Claude-Frédéric Bastiat (1801-1850) in The Law
Bastiat was a French economist and writer who lived at the dawn of the Industrial Revolution. His now-famous book, The Law, lays down the political argument for a Free Society and explains why Governments tend to invite fraud and corruption.
Interestingly, had Bastiat been born only a few decades later, he would have noticed how large industries (which didn‘t exist in his time) foster their own forms of corruption.
Looking at the international wholesale voice/SMS industry of today, we can see two classes of network provider: the established and the struggling.
An example of the established operators are the highly successful large wholesale providers (iBasis, BICS, Tata Communications) who have gained a strong market foothold. These companies are not just champions of industry laws, they pride themselves on maintaining their trusted, “fraud-free” ecosystems with hundreds of partner carriers.
The struggling operators, meanwhile, don‘t own a membership card to any of the big wholesaler clubs. So they need to make it on their own: many barely make enough money to say alive. Their margins are squeezed by the established firms, and they fear their “partners” may swindle them tomorrow.
So if your telecom firm is just surviving, it’s much easier to turn a blind eye to fraudsters offering some financial help. In short, many of the struggling will sell grey routes because they want to keep their firms afloat and pay their employees.
Now seeing this Darwinian battle in our industry, it’s hard to conceive of a day when telecom can eliminate fraud altogether. As long as young and inexperienced operators are struggling to break into the market, fraudsters will always find a natural ally.
Of course, as fraud fighters, our job is to tame the chaos because a telecom industry that lacks rules and doesn‘t fight plunder is an industry in trouble. Bernie Ebbers brought his plundering ways to WorldCom. Fortunately for us, Ebbers was caught and is now serving a 25-year prison sentence in Texas.

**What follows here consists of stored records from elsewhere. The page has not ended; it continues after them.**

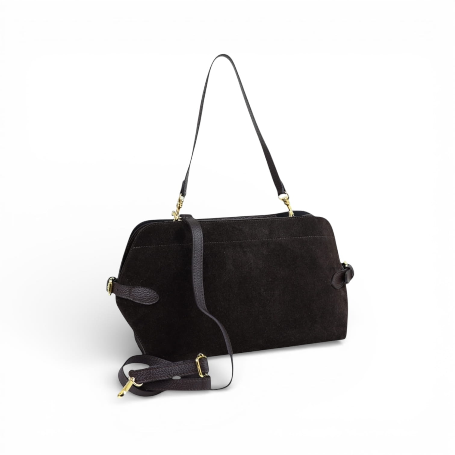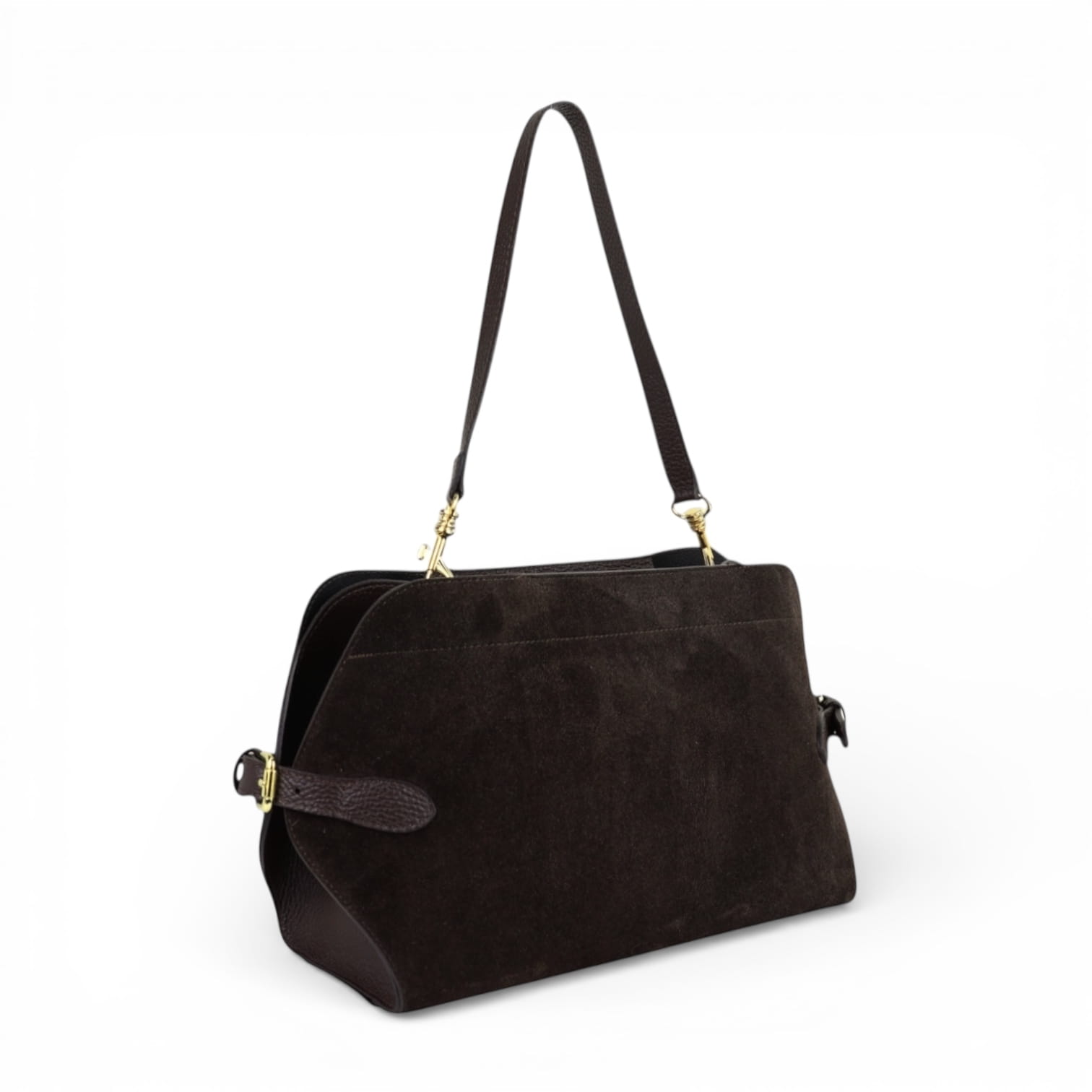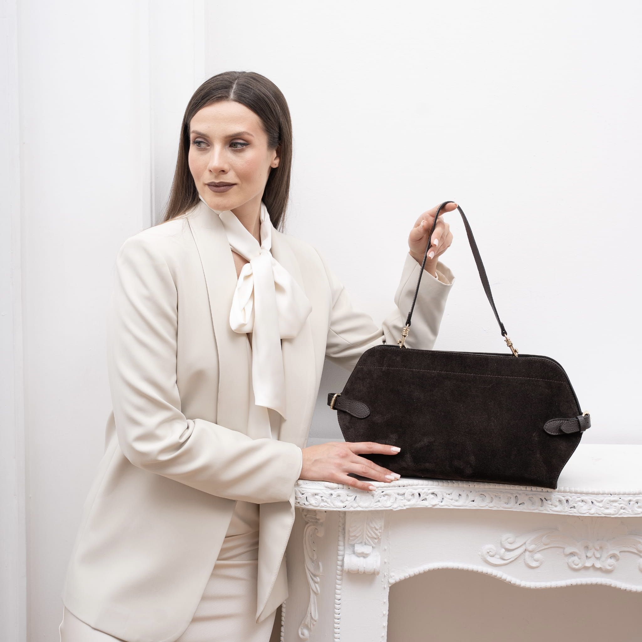 Stylowa damska torebka z naturalnego zamszu, uszyta we Włoszech, z elementami wysokiej jakości skóry naturalnej. Idealny wybór dla kobiet ceniących elegancję, jakość i ponadczasowy styl.
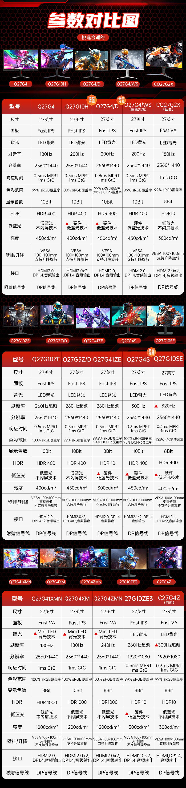 | Цвет: | Новый продукт [27 -дюймовый IPS/2K/Native 200 Гц/10 бит/оборудование с низким синим светом/подъемом и вращением] Q27G10H, 27 дюймов [быстрый IPS/2K/собственное разрешение 180 Гц/10 бит/подъем и поворот] Q27G4, 27 "Белый [быстрый экран IPS/2K/Native 200 Гц/10 бит/оборудование с низким синим светом/подъемом и вращением] Q27G4/WS, 27 "Кричная поверхность [HVA -экран/2K/Нативная кривиза 180 Гц/1500R/уменьшение] CQ27G2X, 27 дюймов [быстрый IPS/2K/260 Гц, отклик 0,5 мс/10 бит] Q27G10ZE, 27 дюйм [лицом с быстрым экраном IPS/1080p/260 Гц разгона/8bt/ardware Low Blue Light] 27G10ZE3, 27 дюймов [изогнутый экран Fast VA/1080P/180 Гц/8 бит/подъем и наклон] C27G4, 27 дюймов [изогнутый экран Fast VA, 1080P, разгон 300 Гц, кривизна 1500R, подъемный] C27G4Z |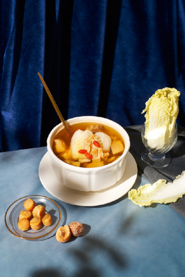 瑤柱菜膽燉土豬展湯,80頭干瑤柱經過發(fā)泡,和優(yōu)選食材的土豬肉,娃娃菜一塊入燙盅燉6小時。水甘味甜,有滋補清潤作用。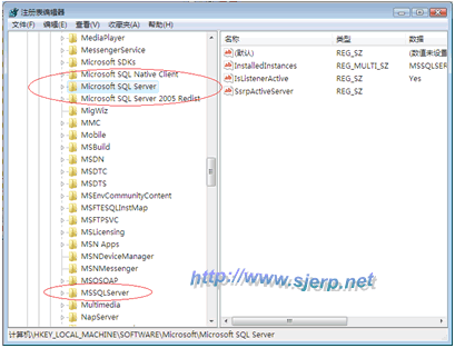 步驟4 :在開始菜單,運行:Regedit 刪除以下分支目錄: HKEY_CURRENT_USER/Software/Microsoft/Microsoft SQL Server HKEY_LOCAL_MACHINE/SOFTWARE/Microsoft/Microsoft SQL Server HKEY_LOCAL_MACHINE/SOFTWARE/Microsoft/MSSQLServer HKEY_LOCAL_MACHINE/SOFTWARE/Microsoft/SQLXML4 如圖: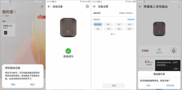 在对路由器进行配网设置后,用户可以通过扫描路由器底部的二维码下载华为的智慧生活APP,通过软件可以将路由器产品注册绑定到应用中以便获得更多的功能。绑定环节与旗下其它产品相同,这里就不在复述了。不过在初次绑定后,APP即会对路由固件进行自检并提醒用户更新最新固件。就个人经验而言,游戏路由器还是及时更新最新固件以便获得最佳的游戏功能体验。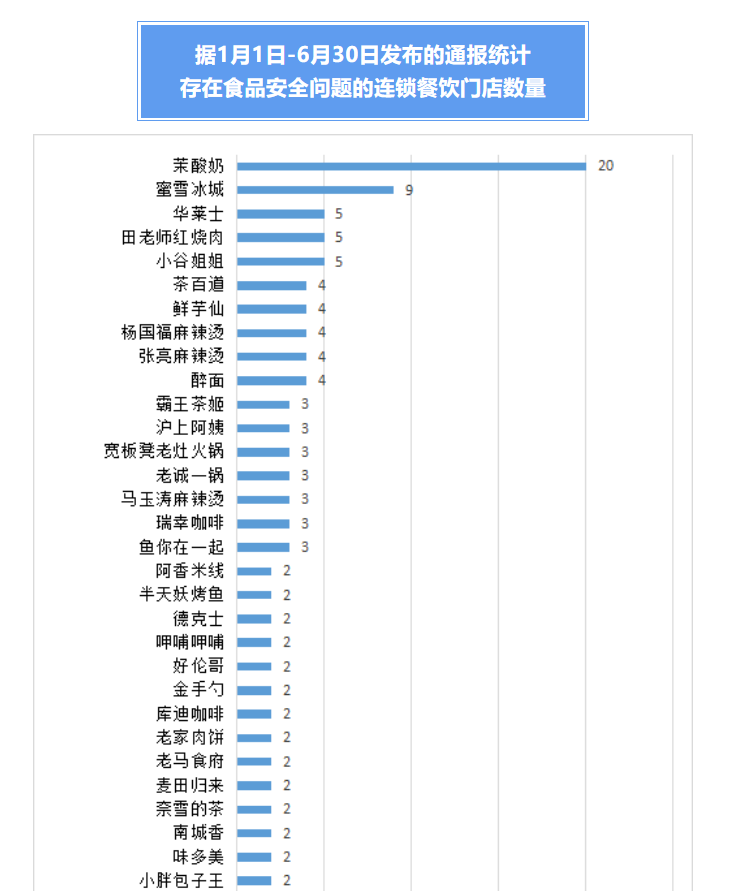据1月1日-6月30日发布的通报统计,2024年上半年茉酸奶存在食品安全问题的连锁餐饮门店数量共有20家,蜜雪冰城9家,茶百道、鲜芋仙、杨国富麻辣烫等均有4家,霸王茶姬、瑞幸、沪上阿姨、老城一锅等有3家,另外还有半天妖烤鱼、库迪咖啡、南城想、CoCo都可、比格、南京大排档、米村拌饭等均有1-2家涉事门店。
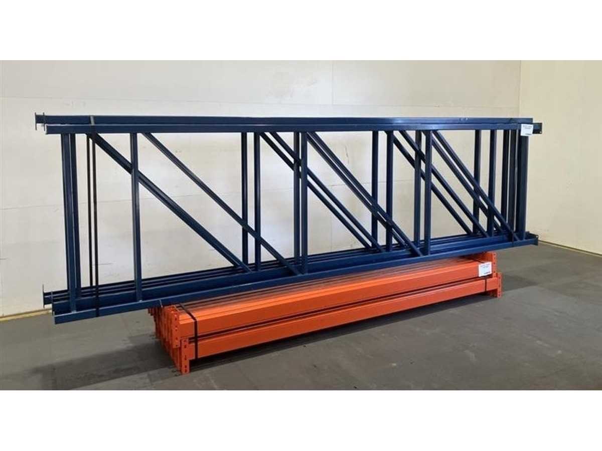 Dexion palletstelling (OCCASIE) Lengte: 8420mm (3 modules van 2700mm) Hoogte: 4000mm (voorzien van 4 niveaus) Diepte: 1100mm 4 ladders 4000 x 1100 24 liggers 2700 x 100 No Merk: Dexion Type: Palletstelling Aantal secties: 3 Sectie afm. b: 2700mm Sectie diepte: 1100mm Sectie afm. h: 4000mm Aantal staanders: 4 Aantal liggers: 24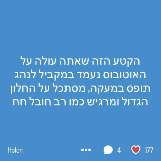 יום אחד היא עלתה לאוטובוס, ואחרי כמה תחנות היא רצתה לרדת, אז היא אמרה לנהג : "אני צריכה ללדת"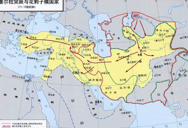 这些突厥人不断向西和向南发展,一度控制中东,建立了塞尔柱帝国。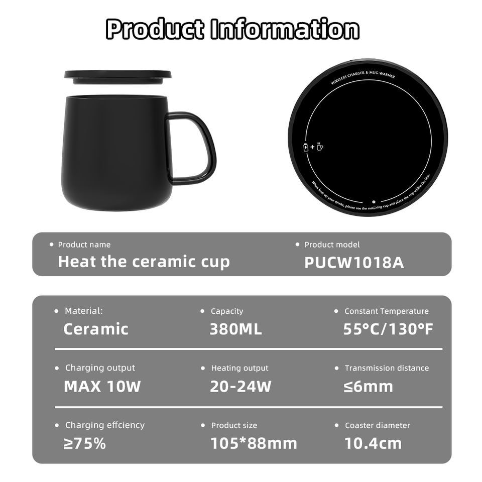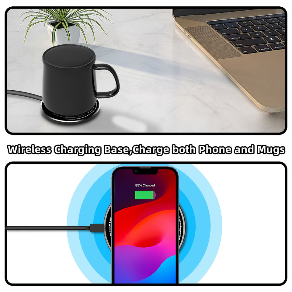 Mug chauffant intelligent en céramique artisanal à 55 degrés personnalisé avec chargeur sans fil à charge rapide pour téléphone portable en métal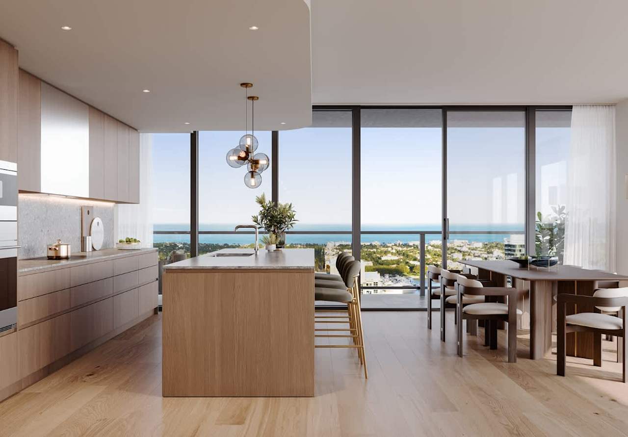 Beautifully appointed, breezy spaces for socializing and relaxing on the amenity level will include indoor and outdoor lounges and a terrace with a swimming pool overlooking the stunning Palm Beach coastline. Residents will be able to sip classic cocktails and fine wines at the bar on the terrace and enjoy poolside food and beverage service.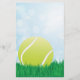 ilustração da bola de tênis na grama com luz do sol e do alargamento no fundo.

Speaking of fraud fighters, we’re pleased to again welcome Philippe Orsini, the Vice President of Product Development at Araxxe. In this interview, Philippe provides a backgrounder on A2P SMS fraud: both “classical” in-market SIM box bypass, as well as the more complex SMS fraud that exploits bypass via roaming scenarios.
Dan Baker, Editor, Black Swan: Philippe, the A2P SMS is one of the revenue bright spots in the mobile industry. |
Philippe Orsini: It’s true, Dan, A2P SMS traffic is booming. And as you know, P2P SMS traffic is essentially free in many markets, but A2P has become a substantial revenue generator for operators.
How much money the operator makes depends on factors like the country, delivery quality, and message volume, but roughly speaking, to terminate an A2P message earns the operators 2 to 3 cents per SMS.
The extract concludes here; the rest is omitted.